From mountains to music: How optimism can help you conquer anything
By Maeve Atkinson
The first step, I think, to being an optimist is not giving up. Hard things can sometimes feel like you are climbing a mountain. Sometimes these hard things are painful, tiring, and take a long time. But if you keep persisting, and when YOU get to the top of that mountain, it feels REAL GOOD! Doesn’t it?
One of the hardest mountains I’ve ever climbed is when I climbed over a real mountain. YES, I have climbed over a real mountain before. Honestly, I was already tired when we got to the base of the mountain. For my little 9-year-old legs, walking a half-mile to where we were going to hike was not ideal. I actually thought for a while that we were going to walk over to see the mountain and then walk back to the car.

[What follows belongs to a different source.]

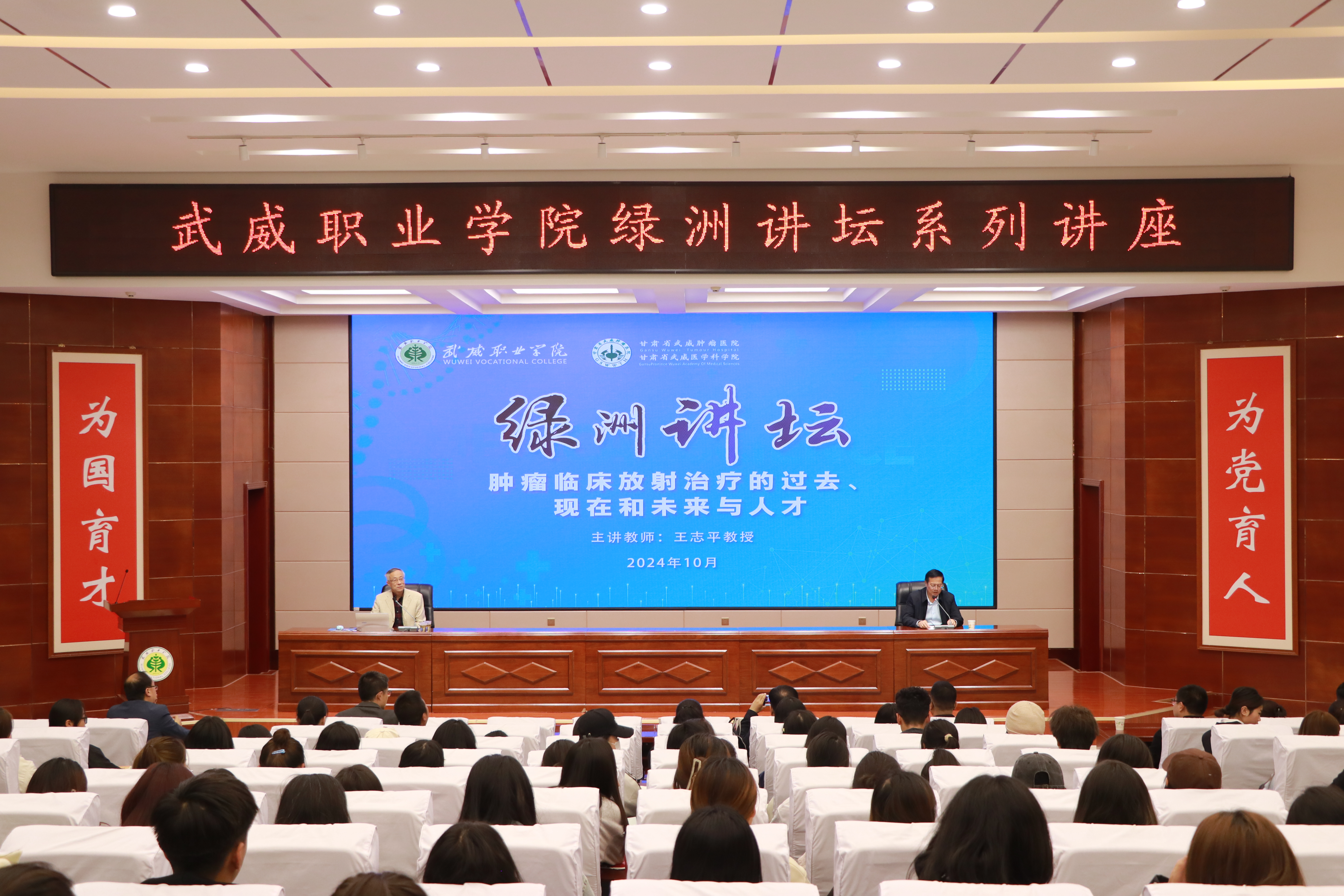 報(bào)告會(huì)由學(xué)校校長、黨委副書記張開禮主持,特邀蘭州大學(xué)第二醫(yī)院王志平教授作了“腫瘤臨床放射治療的過去、現(xiàn)在和未來與人才”的主題講座,甘肅省武威醫(yī)學(xué)科學(xué)院腫瘤醫(yī)院醫(yī)護(hù)人員代表、蘭州大學(xué)實(shí)習(xí)生代表和學(xué)校師生代表共計(jì)220余人參加了報(bào)告會(huì)。

I mean, of course, I did. It was raining outside, and my legs were killing me while we walked up the paved bottom part of the mountain. I really wanted to turn back. I really did. But I kept reminding myself that at the top of the mountain, it would LOOK REALLY COOL. Soon enough, we were hiking up the mountain. I recall when we were partway up the mountain, half of my brain was telling me “YOU GOT THIS,” and the other half of my brain was telling me “TURN AROUND.”

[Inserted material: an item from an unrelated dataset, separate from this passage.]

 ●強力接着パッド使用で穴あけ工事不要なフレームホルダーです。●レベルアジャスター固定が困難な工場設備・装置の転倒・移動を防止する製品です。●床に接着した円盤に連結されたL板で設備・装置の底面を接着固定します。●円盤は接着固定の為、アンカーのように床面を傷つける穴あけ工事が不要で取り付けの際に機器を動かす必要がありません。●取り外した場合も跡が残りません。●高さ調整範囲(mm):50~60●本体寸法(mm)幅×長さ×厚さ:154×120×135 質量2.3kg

I thought it was going to be BREATHTAKING to see the city from the top of the mountain. Well, that didn’t happen. By the time we reached the top of the mountain, we were in a cloud. Disappointing, RIGHT?
But I found something in me that I hadn’t found before … OPTIMISM. Even though I didn’t achieve seeing the city from up high, I was on the top of a mountain. I kept going, even though I didn’t want to. By the time we were at the top, my whole brain was telling me — YOU GOT THIS & YOU ARE GOING TO FINISH. Optimism and very supportive Norwegian relatives helped me climb the first and perhaps the biggest mountain I will ever climb. Optimism has made me a better person. Not only has it made me happier, but it has also made me nicer and more confident.
Since I succeeded in climbing over a real mountain, I’ve climbed over other mountains, too, FIGURATIVELY. I started playing the violin when I was 6 years old. Last year I tried out for a citywide orchestra called GTCYS (GTCYS stands for Greater Twin Cities Youth Symphony). It was a little bit scary to walk into the first practice. I didn’t know anyone, and when I tried to play the music, it was harder than the music I was used to playing. But I smiled and made some friends who helped me learn the music.
What I have learned this year in GTCYS is that my conductor, Mary Sorlie, doesn’t care if we’re tired, and that you’re not going to get good at something if you don’t practice. Like, one time I had to memorize a song called “Jupiter.” This was because that performance was optional. So, for a long time, I thought I wasn’t going to be doing this performance. Anyways, I signed up for the orchestrating opportunities and started to memorize “Jupiter.” For the first 10 minutes of practicing, I just kept thinking to myself, there is no way I can memorize this, nevertheless play it correctly with the music in front of me.
But I remembered that pretty much the same thing happened to me when I was climbing a mountain, and that turned out to be one of my favorite parts of that vacation. So, I kept practicing, and two days later, I went to Orchestra Hall and performed “Jupiter.” Performing there was so much fun, and it was just because I was optimistic that I could do it.
When you set your mind to something, there is a really good chance you will succeed. Succeeding is a lot of fun for me, so I try harder. Now, I feel like I’ve completed the first step to being an optimist. Everyone has times when they want to give up, and those are some examples of when I was going to give up. But I didn’t, and I’m glad I didn’t. I couldn’t have completed either of these things without optimism. THANK YOU!